Standard MLP (Multilayer Perceptron): Architecture & How It Works

The Multilayer Perceptron (MLP) is the simplest and most fundamental neural network architecture, consisting of fully connected layers that learn arbitrary function approximations through nonlinear transformations of the input.

Architecture Overview

An MLP consists of an input layer, one or more hidden layers, and an output layer. Each layer is fully connected: every neuron connects to every neuron in the next layer.

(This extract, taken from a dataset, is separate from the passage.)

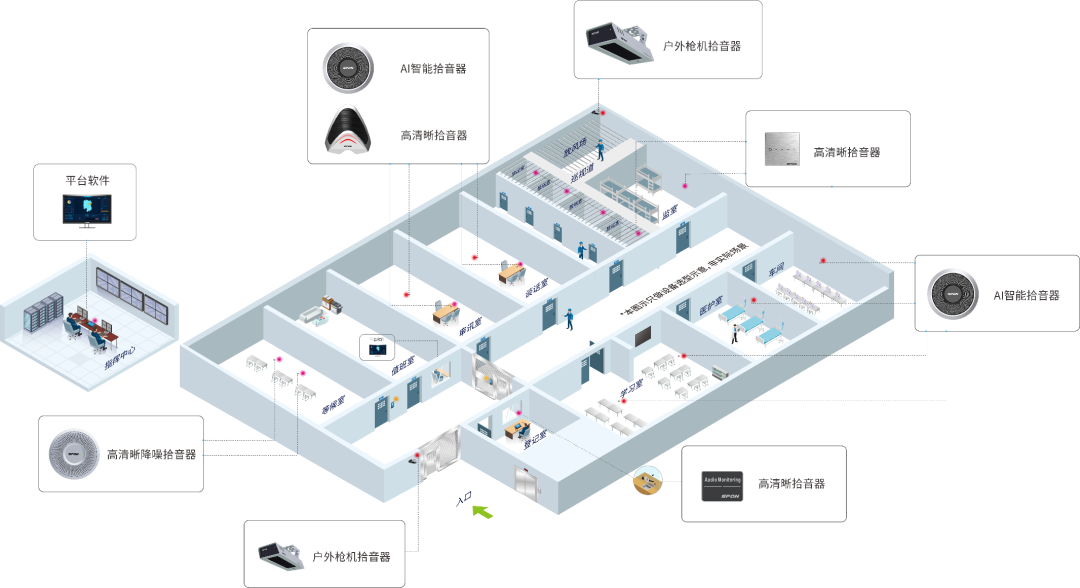 關(guān)于拾音器的設(shè)計部署指揮中心:在指揮中心部署后臺管理軟件,可以對接入的拾音設(shè)備進行狀態(tài)監(jiān)視、故障報警、軟件升級和相關(guān)性能參數(shù)調(diào)整,便于隨時掌握拾音設(shè)備運行狀態(tài)。監(jiān)室/禁閉室/等候室:監(jiān)室、禁閉室、監(jiān)獄醫(yī)院、室內(nèi)公共區(qū)域等場景,建議在此多點位部署拾音器,確保做到全天時無死角監(jiān)聽。在側(cè)墻處、天花板處安裝具備防破壞性、隱蔽性高、抗混響設(shè)備。審訊室/談話室/會見室:在審訊室、談話室、會見室等近距離桌面拾音環(huán)境,推薦在桌面部署桌面型拾音器可以有效拾取雙方近距離音源屏蔽其它音源干擾,聲音更清晰;再部署一個環(huán)境型拾音器對全室聲音進行拾取。拾音器通過與攝像頭聯(lián)動,同步錄音錄像,確保審訊/談話/會見時的錄像錄音備份公正。周界/武警崗?fù)?AB門/放風場:室外區(qū)域具有環(huán)境噪聲大、人員聚集多、晝夜溫差大、環(huán)境惡劣等特點,對于此處需要高清拾音,但傳統(tǒng)拾音器普遍效果較差無法達到理想效果。通過部署槍擊型拾音器對室外周邊區(qū)域位置進行聲音監(jiān)控。降低后期維護成本,提高工作效率。有效預(yù)防突發(fā)事件,做到事前預(yù)防、事中控制有效、事后處理規(guī)范。

At each layer, the computation is: h = σ(Wx + b), where W is the weight matrix, b is the bias vector, and σ is a nonlinear activation function.

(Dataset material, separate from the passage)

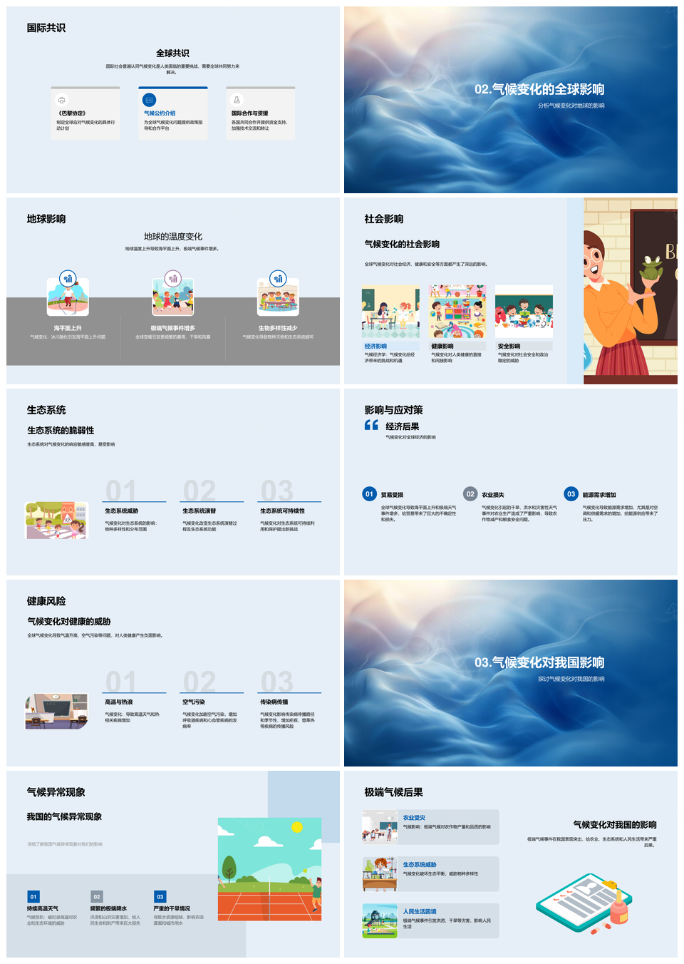全球气候变化教学影响应对我国生态国际合作PPT模板推荐

Data flows forward through the network: input x → hidden layer 1 (h_1 = σ(W_1·x + b_1)) → hidden layer 2 (h_2 = σ(W_2·h_1 + b_2)) → ... → output layer (y = W_out·h_L + b_out). The output activation depends on the task: softmax for classification, linear for regression, sigmoid for binary classification.

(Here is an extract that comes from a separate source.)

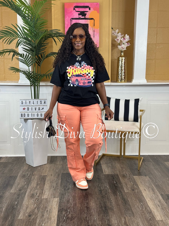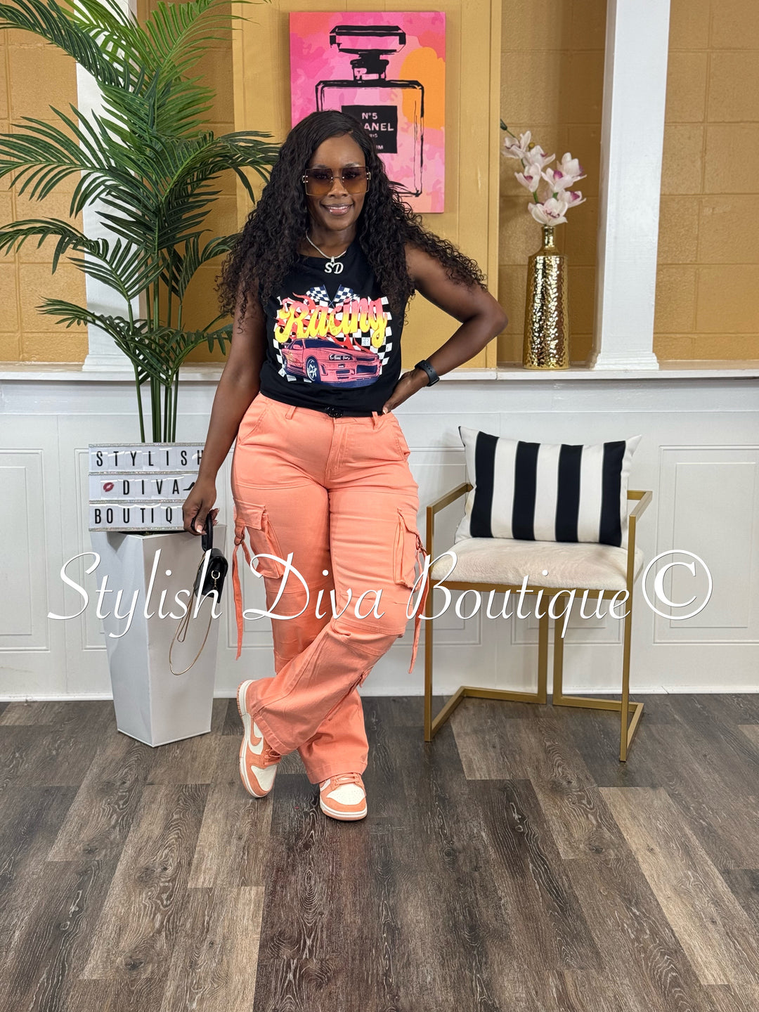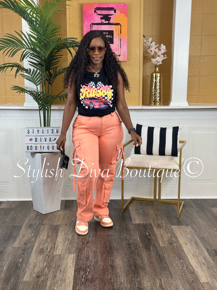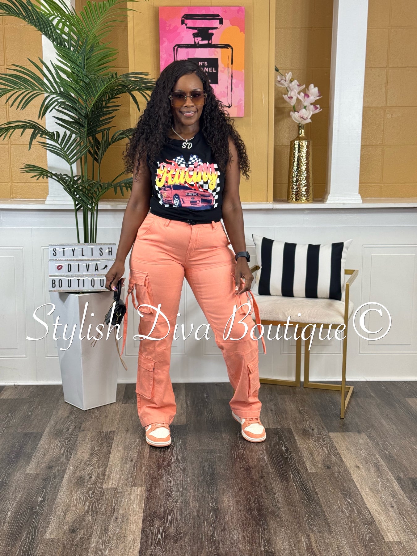 Elevate your casual wardrobe with our Milye Cargo Pants in a stunning peach hue. These high-rise, straight-leg pants combine style with functionality, featuring multiple pockets for all your essentials. The relaxed fit ensures all-day comfort while maintaining a flattering silhouette. Perfect for creating effortlessly chic looks that transition seamlessly from errands to evening outings.

Training uses backpropagation: the loss gradient is computed from the output layer backward through each hidden layer using the chain rule, and weights are updated via gradient descent (SGD, Adam, etc.). The Universal Approximation Theorem guarantees that even a single hidden layer can approximate any continuous function given enough neurons.

Key Innovations

Backpropagation (1986): Efficient gradient computation through the chain rule enabled training of multi-layer networks, sparking the neural network revolution
Activation functions: Progression from sigmoid/tanh → ReLU (2011) → GELU/SiLU (modern) solved vanishing gradient problems and improved training speed
Dropout regularization: Randomly zeroing neurons during training prevents co-adaptation and reduces overfitting
Batch normalization: Normalizing layer inputs stabilizes training and allows higher learning rates

Common Use Cases

Tabular data classification and regression, function approximation, as the feed-forward sub-layer within Transformers and other architectures, reinforcement learning policy and value networks, physics-informed neural networks (PINNs), neural radiance fields (NeRF), and as baseline models for benchmarking.

Notable Variants & Sizes

Standard MLP (fully connected), MLP-Mixer (patch-based vision MLP), gMLP (gated MLP for NLP), ResMLP (residual MLP for vision), KAN (Kolmogorov-Arnold Networks, learnable activation functions on edges instead of nodes). In practice, modern MLPs within Transformers use SwiGLU: FFN(x) = (xW_1 ⊙ SiLU(xW_gate))W_2.

Technical Details

A 2-layer MLP with hidden sizes [512, 256] for 784-dim input (MNIST): Layer 1 (784×512 + 512 = 401,920 params), Layer 2 (512×256 + 256 = 131,328 params), Output (256×10 + 10 = 2,570 params). Total: ~536K params. Training: Adam (lr=1e-3), batch size 128, ReLU activations, dropout 0.2-0.5. Achieves ~98.5% on MNIST. The MLP within a Transformer layer typically has hidden dim = 4× model dim (e.g., 768→3072→768) and accounts for ~2/3 of the layer's parameters. Modern SwiGLU FFN uses 8/3× expansion to match parameter count: dim → (8/3)·dim with gating → dim. Xavier or Kaiming initialization is standard for weight matrices.